System Description and Implementation
The AR visualization software for the HL2 was developed in-house to display anatomical 3D models in relation to the physical anatomy of patients or phantoms. Within the application, switching between the two different visualization modalities for the 3D models was possible. In addition to the HL2 software, a pipeline processed the medical image data. This pipeline converted volumetric CT scans into 3D models optimized for interventional planning and efficient rendering on the HL2.
Based on these requirements, the planning pipeline was built to segment the structures into meshes in 3D Slicer (version 5.2.2; The Slicer Community). The structures comprising the skull, salivary glands, and nerve exit points were manually segmented from a publicly available head and neck CT dataset [17], while the inferior alveolar nerves were segmented from a nonpublic dataset from the Medical University of Graz. A head phantom mesh was scanned by the Artec Leo 3D scanner (Artec 3D) as the skin surface. Finally, all segmented anatomical structures were nonlinearly registered to the scanned skin surface.

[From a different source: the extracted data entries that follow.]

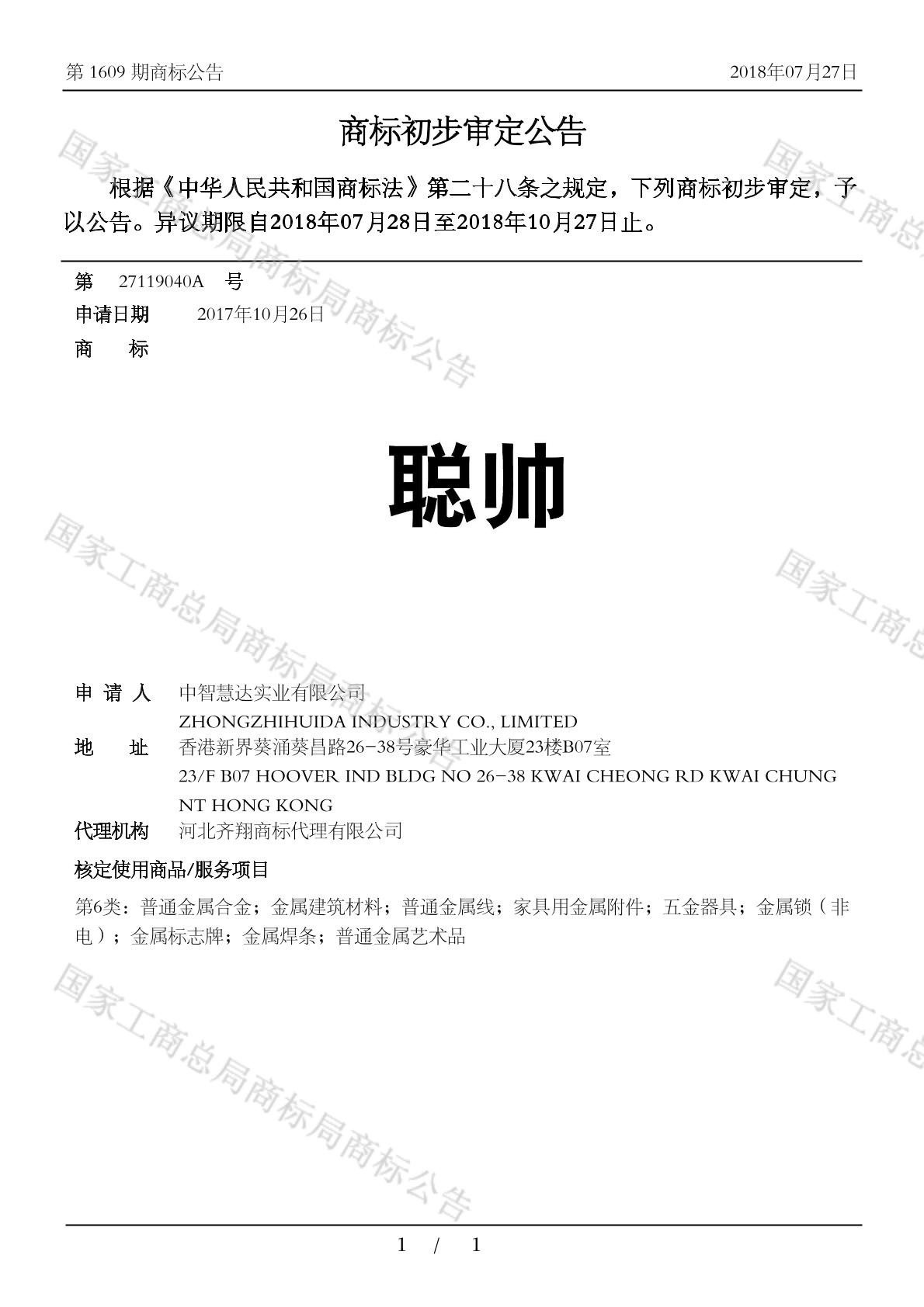 有效期限:2028-10-27 组合类型:中文注册号:27119040A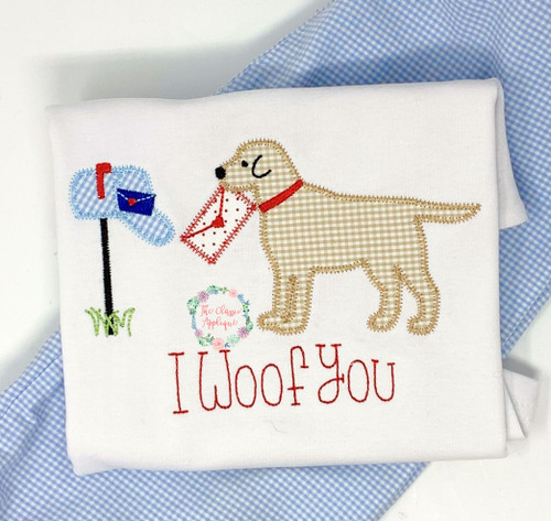 This file includes a lab dog delivering a valentine zig zag applique. This applique comes in four different sizes: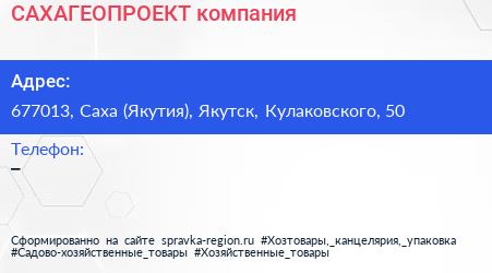 САХАГЕОПРОЕКТ, компания по адресу 677013, Саха (Якутия), Якутск, Кулаковского, 50 в дальнейшем Организация, размещена в следующих категориях: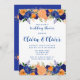 Navy Blue Orange Botanical Florals Wedding Shower Invitation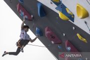 Atlet panjat tebing Indonesia Ravianto Ramadhan menuruni papan panjat dinding usai mengikuti babak kualifikasi kategori lead putra seri ketiga IFSC Climbing World Cup 2025 di Pulau Peninsula, Nusa Dua, Bali, Jumat (2/5/2025). Dalam babak kualifikasi tersebut tiga atlet Indonesia Putra Tri Ramadani, Raviandi Ramadhan dan Muhammad Rizky Syahrafli Simatupang berhasil lolos ke babak semifinal. ANTARA FOTO/Bayu Pratama S/Spt.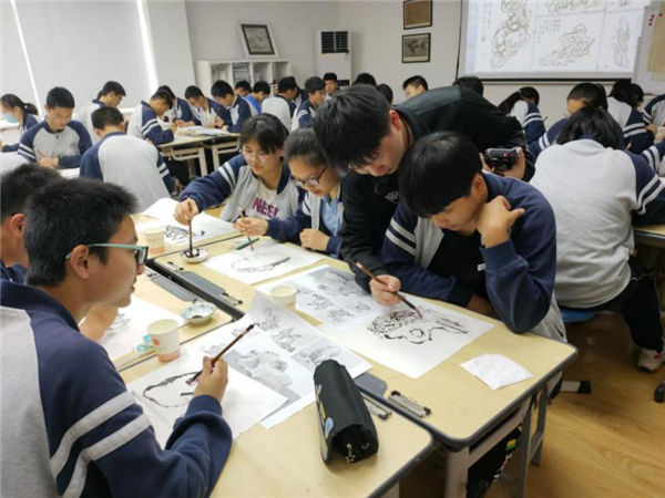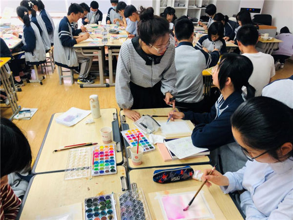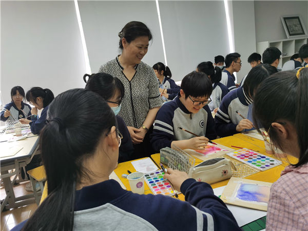 美術(shù)組分別由高聖乾和胡浩淼兩位青年教師(shī)承擔了此次新教材繪畫模塊的教學任務。高聖乾老師以《觀(guān)山畫石 遷想妙得——“石頭記”》帶領學(xué)生(shēng)走進目識心記(jì)的山水畫專題課程;胡浩(hào)淼老師以創意(yì)水彩《星(xīng)空之下》為題帶領學生探索(suǒ)水彩畫的魅力。兩(liǎng)位老師充分根據學(xué)生實際情況、立足“大概(gài)念”設計課程,將主課堂交給學生(shēng),完成本次課程的實(shí)踐部分,以達到(dào)教師為主導,學生為主體,體現了(le)新教材新課標下大單元教學理念。學校黨委副書記聶曉霞、市美術教研員陳克濤和全市中(zhōng)學美術教(jiāo)師參加聽課。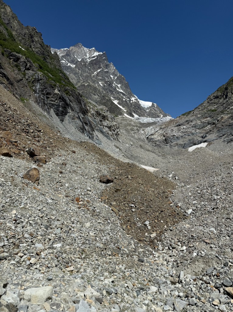 Hemos llegado hasta la morrena frontal, la zona de salida natural de las aguas de fusión, de gran deleznabilidad, por la acumulación suelta sin estructura ni cementación, lo que favorece que sea una estructura efímera desmantelada con rapidez por los procesos erosivos fini o postglaciares. Un lugar donde tomamos la precaución de no acercarnos por que se producen grandes desprendimientos.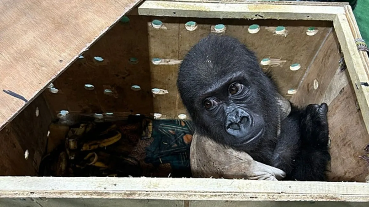 Ticaret Bakanlığı Gümrükler Muhafaza ekipleri, İstanbul Havalimanı'nda nesli tükenmek üzere olan "goril yavrusu" yakaladı.

Our AR application was developed using Unity (version 2022.3.6f1; Unity Technologies). The registration between the head phantoms and the virtual head was implemented using the Vuforia software development kit (version 10.16.5, Parametric Technology Corporation). Vuforia Engine is a cross-platform AR solution that offers a variety of tracking features, which was frequently used in research for AR registration in surgical scenarios [18-20]. The model targets (object tracking) were applied, which possibly used edge-based techniques (not revealed by Vuforia) to recognize and track objects in real-time [21]. First, the scanned head model was uploaded to the model target generator tool and configured into a model target that could be integrated into Unity. After the software was deployed to the HL2, the Vuforia engine initiated tracking for target alignment. Once the participant is satisfied with the alignment, she or he could lock the tracking to anchor the virtual model in the environment. Similarly, in VT, Vuforia would track the phantom, and then the model would appear next to it; locking the tracking again would fix the model in place. The hand menu assisted users in controlling the visibility of various anatomical structures, including the skin and target structures. In addition, sliders were implemented to allow real-time adjustment of the transparency and brightness of these structures.
Trial
The participants were asked to fill out the initial questionnaire, which included demographic information (age, gender, educational stage or professional experience, professional field, and prior experience with AR and HL2). Randomization was generated by BHP using a randomized allocation rule to determine the starting modality (sequence) and the side of the face (right or left). The experiment assistant (KG) enrolled and assigned participants to the sequence of intervention. Registration was done once at the beginning of each modality by the experiment assistant, who could lock or unlock the tracking for registration as needed. Subsequently, they wore HL2, ran the eye calibration, and received a brief introduction to the device and the user interface with the 2 modalities. During this short session, they familiarized themselves with the device and its functions. The entire familiarization process was completed in less than 3 minutes, although precise timing was not recorded. Participants were then instructed to delineate target anatomical structures on the head phantom surface using Point 88 fine liner pens (Stabilo; Figure 1). This task was performed on the assigned half of the face using the first modality, with time recorded via a stopwatch. Upon completion, participants filled out the Likert questionnaire and NASA-TLX (National Aeronautics and Space Administration Task Load Index) for that method and an open-ended questionnaire. The same procedure was then repeated on the other side of the face using the second modality, followed by the corresponding questionnaires. Finally, an open-ended questionnaire for preference was answered.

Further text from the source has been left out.